Тот защищался, краснея еще больше.
– Перестань, Бурцов, ты задушишь его! – вмешался Давыдов.
С трудом усадили забияку и просили Жуковского продолжать. Тот снова отговаривался, что далее у него не все выправлено, но его попросили, и он, повернув листок, начал:
Отчизне кубок сей, друзья!
Страна, где мы впервые
Вкусили сладость бытия,
Поля, холмы родные,
Родного неба милый свет,
Знакомые потоки,
Златые игры первых лет
И первых лет уроки,
Что вашу прелесть заменит?
О Родина святая,
Какое сердце не дрожит,
Тебя благословляя?…
От этих последних стихов, казалось, действительно все задрожали. Голос читающего перешел в какой-то молитвенный тон, отзывавшийся и плачем, и восторгом. На лицах слушавших горело и дрожало умиление. Дурова, спрятавшись за Бурцова и закрыв лицо руками, вздрагивала всем телом: она глухо рыдала. Все были потрясены и мелодией голоса читавшего, и прелестью и музыкой стиха; мысль, положенная в этот стих, глубоко выражала душевное настроение каждого. Всем пережившим ужасы последних дней за эту именно Родину до того она казалась теперь дорогой, с ее полями и родными холмами, политыми кровью их товарищей; этим милым светом родного неба, этими знакомымы потоками, замутившимися от родной же крови, «златыми играми первых лет и первых лет уроками», что гармонические строфы, прочитанные гармоническим полуплачущим голосом, вызвали какой-то стон восторга.

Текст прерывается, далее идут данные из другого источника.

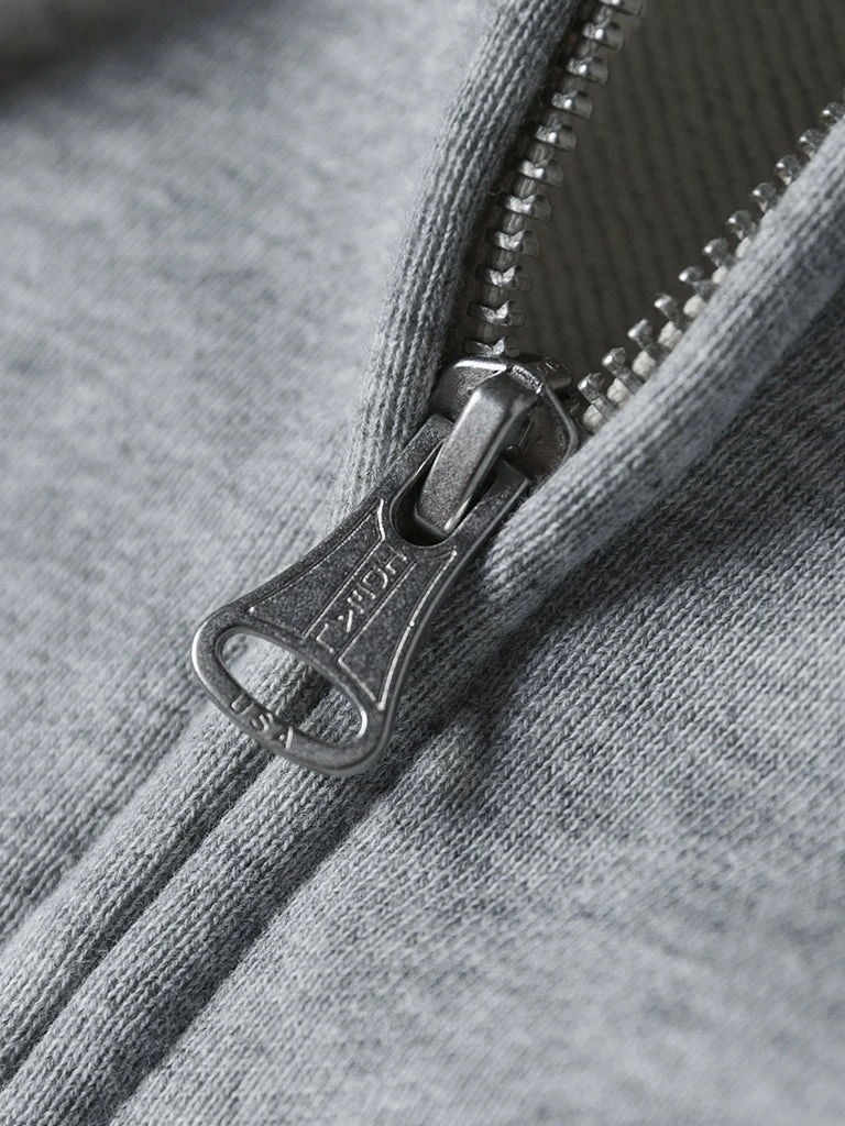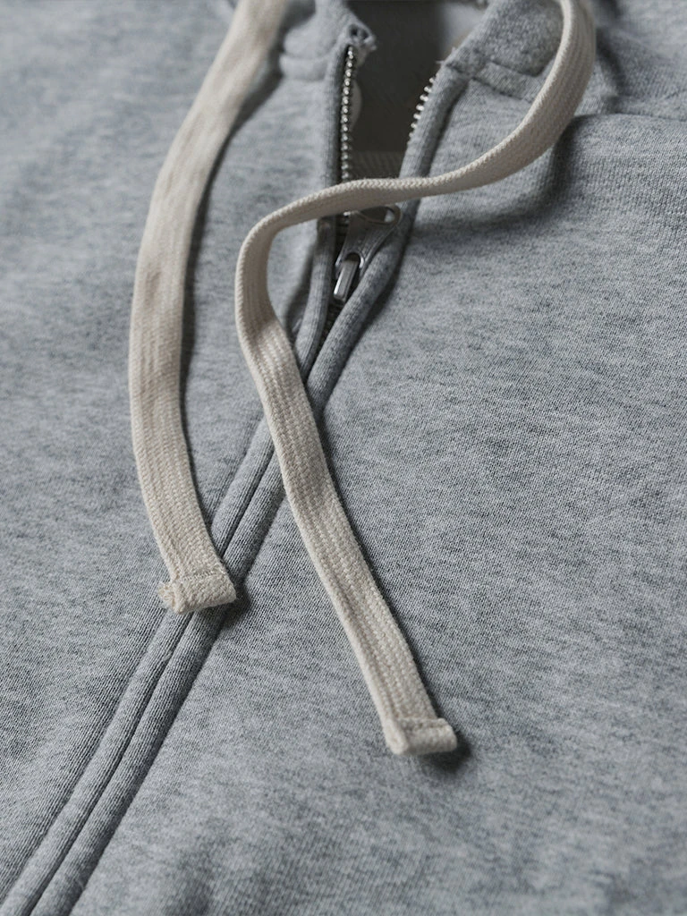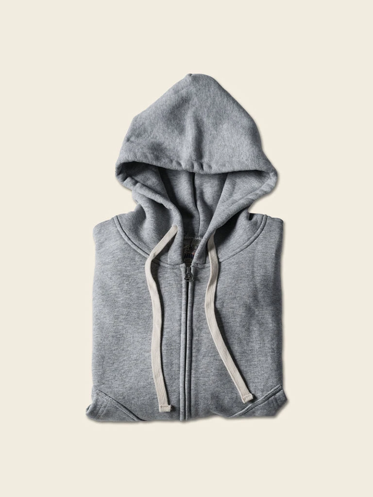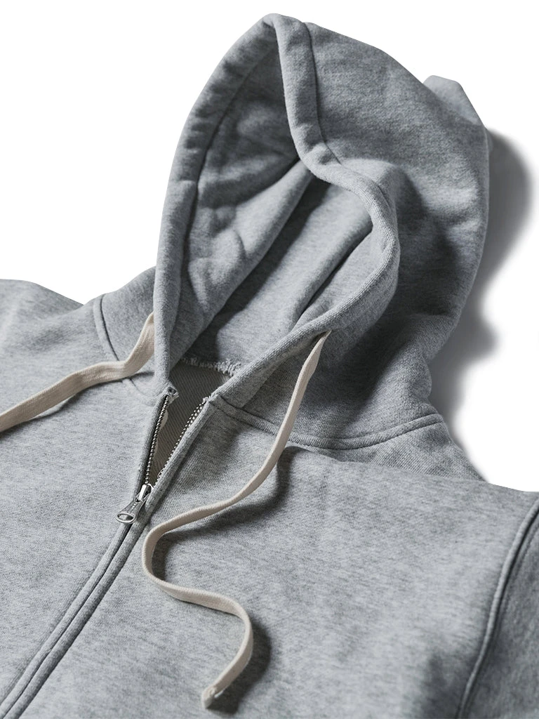 This zip-up hoodie is made of heavyweight 17.5 oz terry cloth, allowing the fabric to have a heavier and denser handle. It is soft, comfortable, and durable.
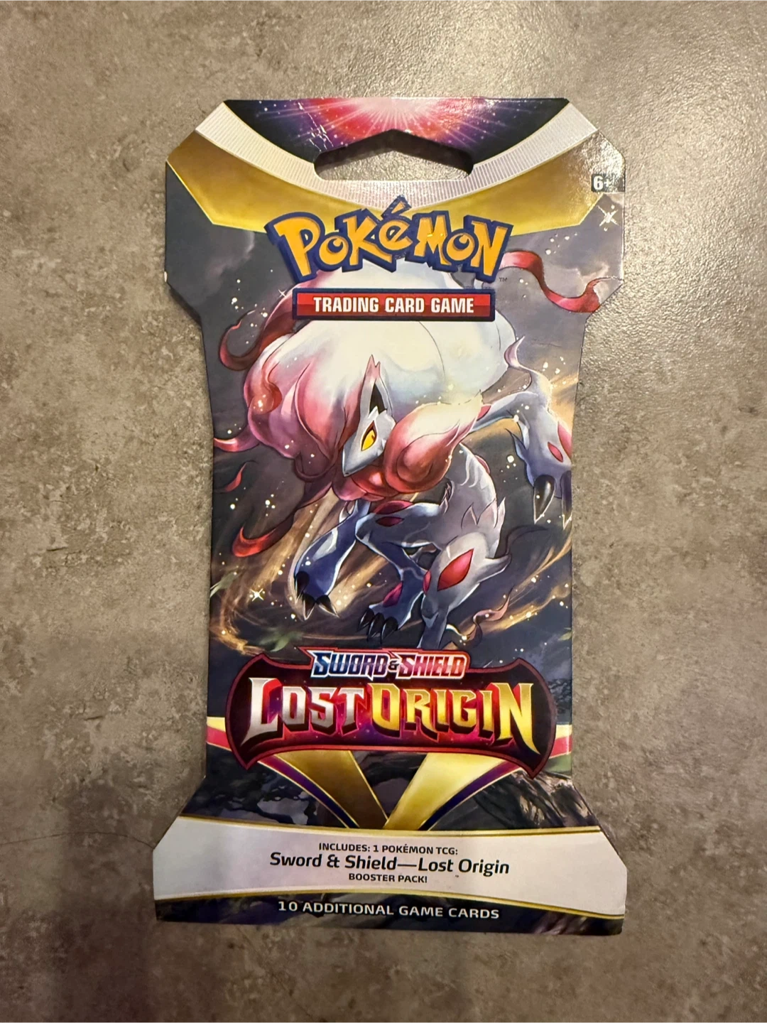 Selling a Pokémon Trading Card Game Sword & Shield Lost Origin booster pack! This pack includes 10 additional game cards and contains over 190 cards. Each Pokémon TCG: Sword & Shield - Lost Origin booster pack contains 10 cards and either 1 basic Energy card or 1 VSTAR marker. Expand your Pokemon Trading Card Game collection with 10 additional game cards booster packs

Никто сначала не заметил за общим потрясением, а когда заметили, то не поверили, что Бурцов, этот всесветный повеса и пьяница, горько плакал, сидя на корточках и мотая всклокоченной головой, как это обыкновенно и невольно делают люди, когда плачут о чем-либо безнадежно. Никто не заметил и того, что из-за спин и застывших от внимания лиц солдатиков, которые подвинулись к костру и, держась несколько в отдалении, в тени, жадно вслушивались в каждое певучее, знакомое их сердцу слово читавшего и как-то по-детски моргали глазами, боясь шевельнуться и громко дохнуть, как на смотру, – что из-за спин солдатиков выглядывало худое, морщинистое и загорелое лицо с седыми, нависшими на маленькие, глубоко сидевшие подо лбом глаза бровями – лицо Платова, которого хотя солдатики и узнали и посторонились было от него, но он знаком показал им, чтоб они не трогались и стояли бы по-прежнему смирно, не обращая на него внимания.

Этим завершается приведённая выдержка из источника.